The president’s son has already tried – and failed – to postpone the proceedings, which are expected to kick off June 3 at the federal courthouse in Wilmington, Delaware.

His lawyers on Monday asked a federal appeals court to rehear his bid to throw out the indictment. A three-judge panel unanimously rejected his appeal earlier this month, but he’s now asking for the full 3rd Circuit Court of Appeals to review the case.

Biden’s legal team also asked the 3rd Circuit to pause any trial proceedings while it considers his new appeal petitions.

“There is no urgency in having an immediate trial of Robert Hunter Biden, but the district court is pressing forward with a June 3, 2024 trial and imposing all the pretrial burdens that come with that,” his lawyers wrote in the filing.

The special counsel prosecutors who charged Biden claim he illegally purchased and possessed a revolver in 2018, which allegedly violated federal law because he was using illicit drugs at the time. He has pleaded not guilty to all three felony counts. He is also challenging the constitutionality of the gun statute at the heart of the case and has alleged the charges were politically motivated.

In addition to the gun case, Biden is facing a federal tax indictment in California. He is also pursuing appeals in that case and trying to delay that trial, which is scheduled to begin in late June after the expected conclusion of the gun trial.

Special counsel David Weiss filed both cases against President Joe Biden’s son – the first-ever criminal prosecutions against the child of the sitting US president. Weiss was previously the Trump-appointed US attorney in Delaware but was elevated to special counsel status last year by Attorney General Merrick Garland, a Biden appointee.

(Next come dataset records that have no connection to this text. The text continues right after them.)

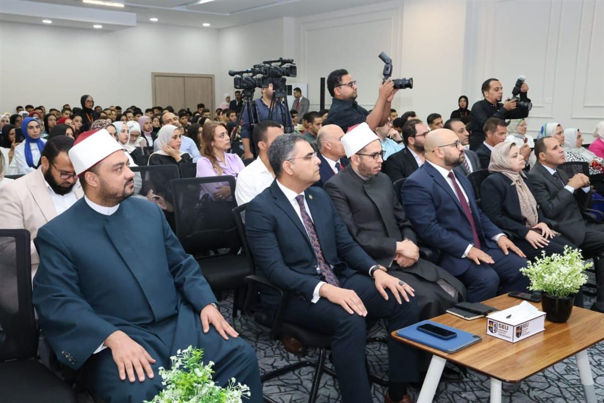وفي كلمته، أعرب وزير الأوقاف عن سعادته بالمشاركة في الندوة، واصفًا إياها بأنها تجربة ثرية للتفكير وتبادل الخبرات والاستماع لمجموعة من شباب مصر، ووجّه شكره لرئيس الجامعة والعمداء وأعضاء هيئة التدريس والطلاب. وأشار إلى أن عملية التعليم الناجحة تقوم على ثلاثة أسس متكاملة هي: المعرفة، والمهارة، والقيم الوجدانية، موضحًا أن التعليم لا يثمر إلا إذا جمع بين العلم والقيم، وأن المعرفة وحدها لا تكفي دون مهارة ووجدان؛ لأن الإبداع لا يتحقق إلا إذا أحبّ الإنسان ما يتعلمه ويتقنه.
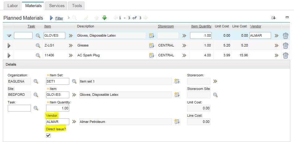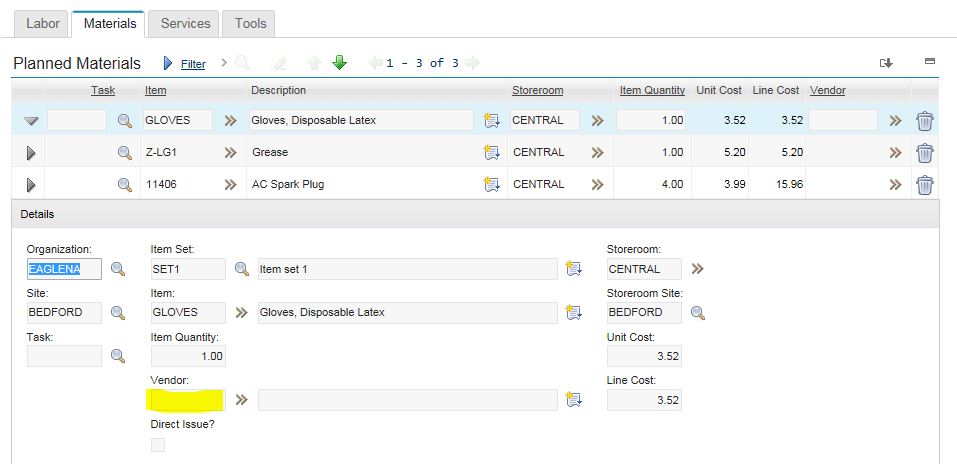 Additionally, the Vendor can be changed to any other valid Vendor as long as the Direct Issue check-box is checked. If the Direct Issue check-box is unchecked, then the expected business process is that any Planned Materials will be requisitioned from a Storeroom in the Site in which the resulting Work Order gets generated.
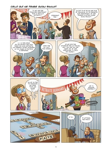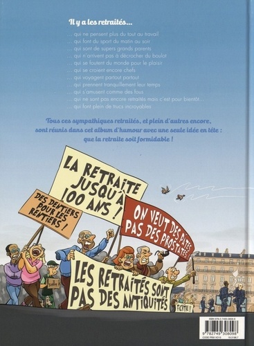 Une BD pour le plus répandu des métiers ! Il y a : celui qui voudrait continuer à travailler, celui qui emmerde le monde, celui qui en profite pour voir ses petits-enfants, celui qui s'arrange pour ne pas les voir, celui qui voyage autour du monde, celui qui ne quitte pas son fauteuil... vous voyez de qui il s'agit ? Les retraités, bien sûr ! Ils sont quinze millions en France, et puisqu'ils n'ont rien à faire de leurs journées, Jacky Goupil et Ohazar se sont dit qu'ils allaient leur proposer une BD rien que pour eux ! Traitée sous forme de gags en une planche, cette nouvelle série raconte les mille et une facettes du plus répandu des métiers : la retraite. Des albums à lire par ceux qui ont déjà les doigts de pied en éventail (il faut bien les occuper), ou à offrir à ceux qui y partent : plus de 600 000 chaque année !
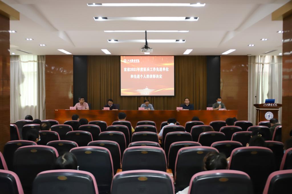 【新闻中心讯 文/李金燕 图/黎静怡】5月27日下午,我校在行政楼一楼报告厅召开2021年征兵工作总结表彰大会暨2022年征兵工作推进会。党委书记陈付龙、党委副书记唐新强出席会议。参加会议的有学工处处长邓良峰、武装部副部长鲍鹏、武装部办公室副主任胡康、各学院党总支书记(副)、2022届毕业班辅导员(班主任)、2023届毕业生辅导员代表。会议由党委副书记唐新强主持。
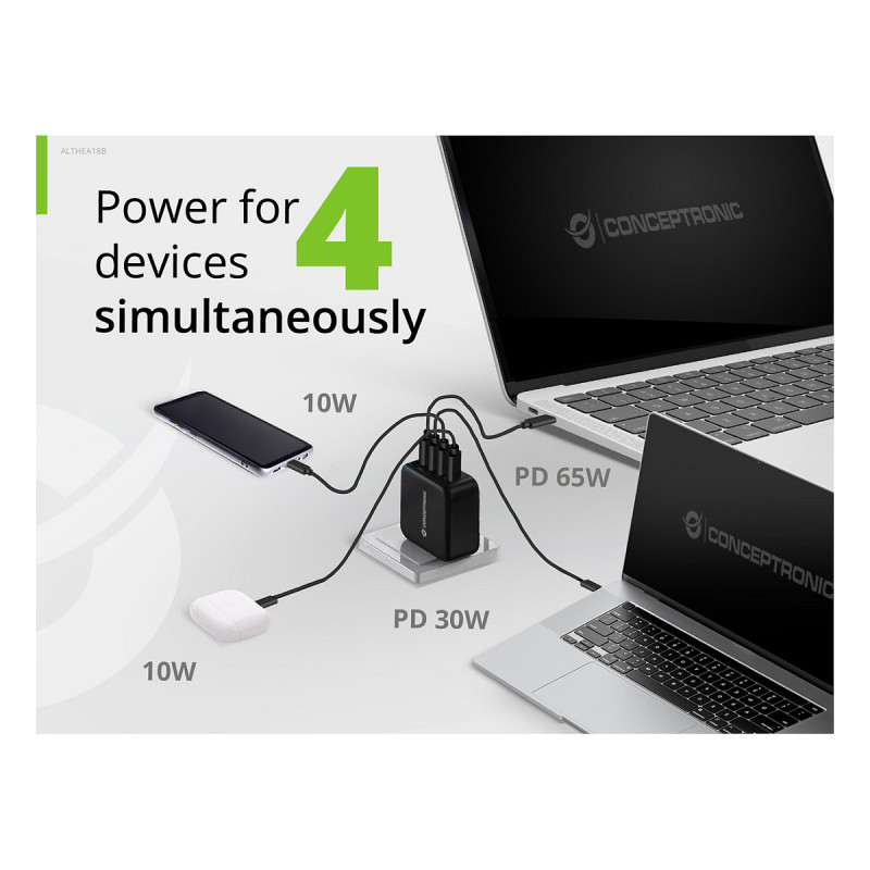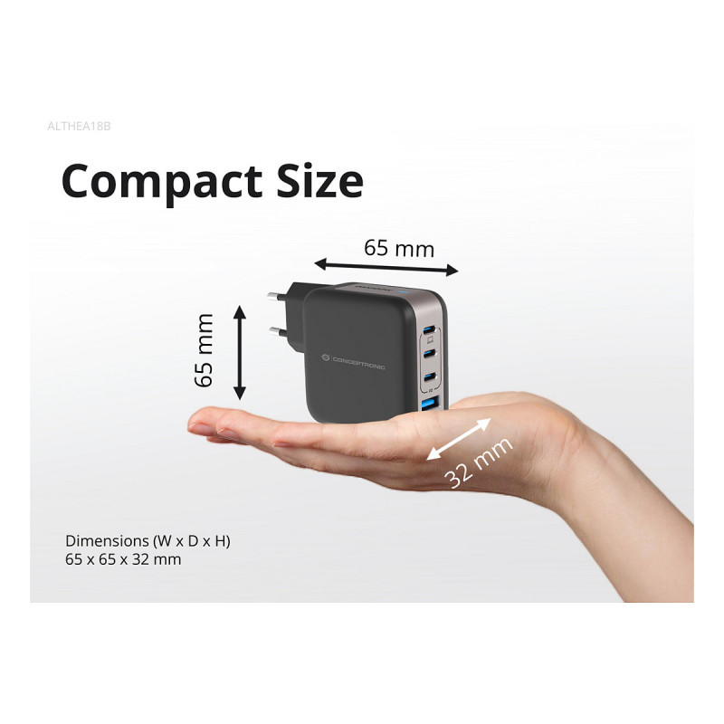 "Conceptronic 4-Port 100W GaN USB PD Charger with USB-C Charging Cable, USB-C x 3, USB-A x 1, QC 3.0, PPS. Charger type: Indoor, Power source type: AC, Charger compatibility: Universal. Input voltage: 100 - 240 V, Maximum output voltage: 20 V. USB Type-C ports quantity: 3, Fast charging, Power protection features: Overheating, Overload, Short circuit. Cable length: 1.5 m, Product colour: Black"\n"
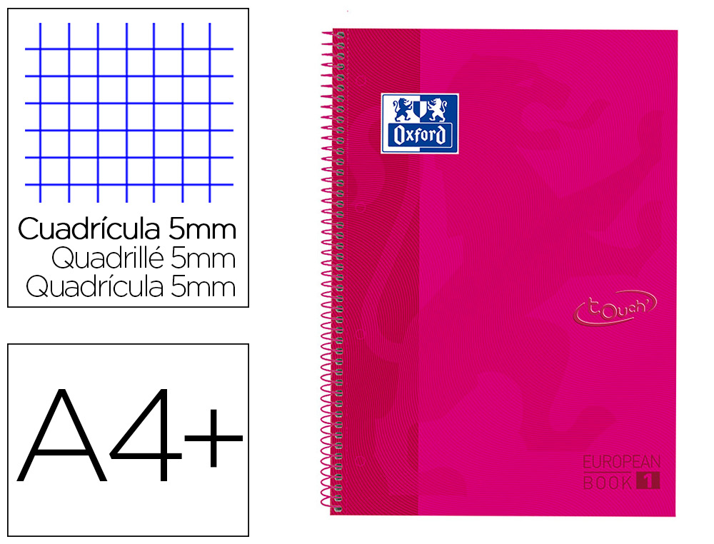 Cuaderno espiral oxford ebook 1 school tapa extradura din a4+ 80h cuadro 5 mm pack de 3 unidades colores surtidos
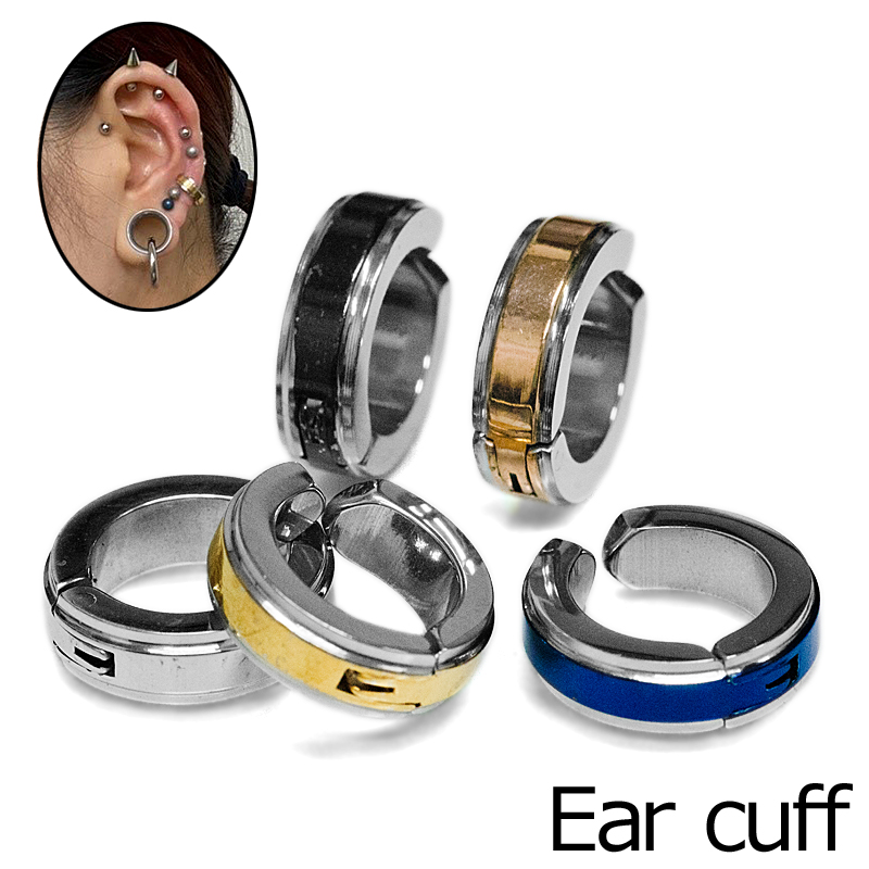 センターライン入りイヤカフ / ステンレス シルバー リング フェイクピアス 金属アレルギー対応 イヤーカフ イヤカフ 軟骨 PVD 金属アレルギー対応 1個売り
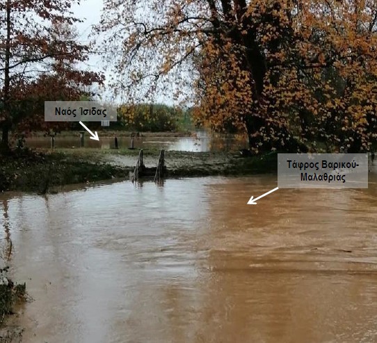 Οι πλημμυρισμένοι Ναοί της Ίσιδος και του Υψίστου Διός λόγω υπερχείλισης της τάφρου Βαρικού – Μαλαθριάς
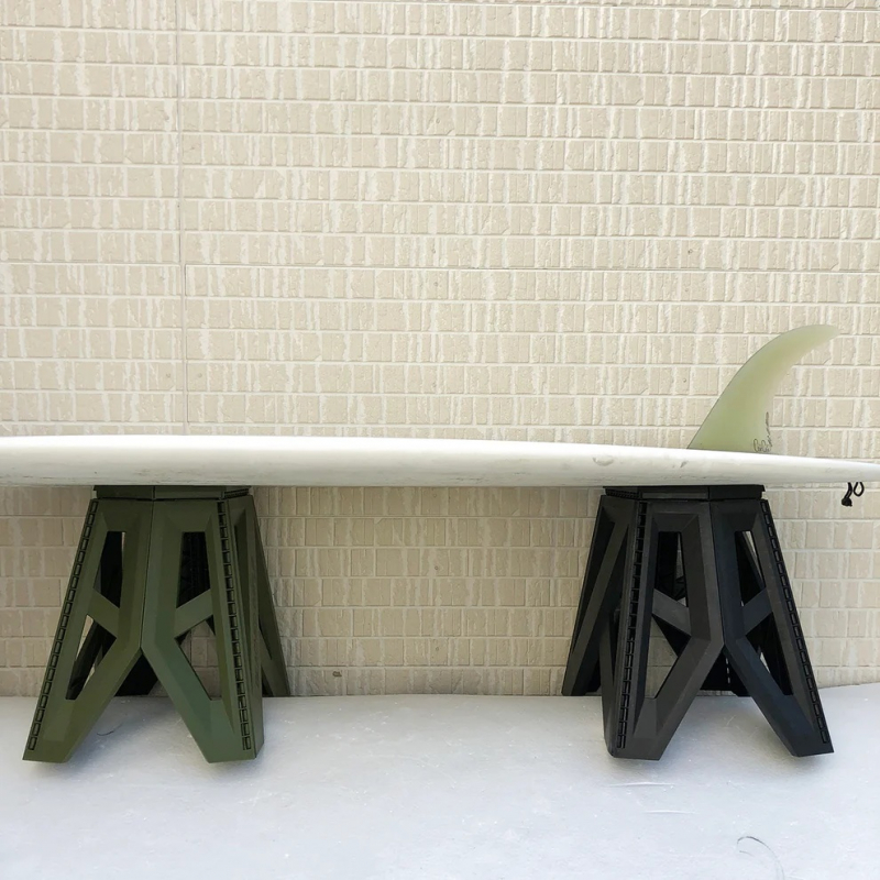 2台で支えればサーフボードのリペア・ワックスアップに。せっかく使うならスタイリッシュなスタンドをどうぞ。

Prosecutors say 3 Hunter Biden exes to testify about his addiction at trial

Weiss plans to present extremely personal testimony about Hunter Biden’s drug addiction from three of his former romantic partners, according to a filing Monday evening.

In the filing, prosecutors described some of their key witnesses and what they plan to say on the stand, and they also released text messages and photos that they plan to show to the jury.

These revelations about Weiss’ trial strategy and witness list underscore the extremely personal nature of this case, which will shine a national spotlight on what Hunter Biden has said was his rock bottom and allow Weiss the chance to prove in court that Hunter Biden was abusing drugs when he owned the gun.

The expected prosecution witnesses include Hunter Biden’s ex-wife Kathleen Buhle; his late brother’s widow, whom he later also dated, Hallie Biden; and Lunden Roberts, an Arkansas native who has a daughter with Hunter Biden. The filings don’t identify the women by name, but Weiss’ description of their testimony matches other public details and court filings from related cases.

Prosecutors say one witness, who CNN has identified as Hallie Biden, will testify that Hunter Biden possessed the revolver in 2018 and that she took it from his car and threw it in a dumpster near a grocery store in Wilmington, Delaware.

Prosecutors said in the filing that another witness, who appears to be Roberts, will testify that she “observed the defendant using crack cocaine frequently — every 20 minutes except when he slept.”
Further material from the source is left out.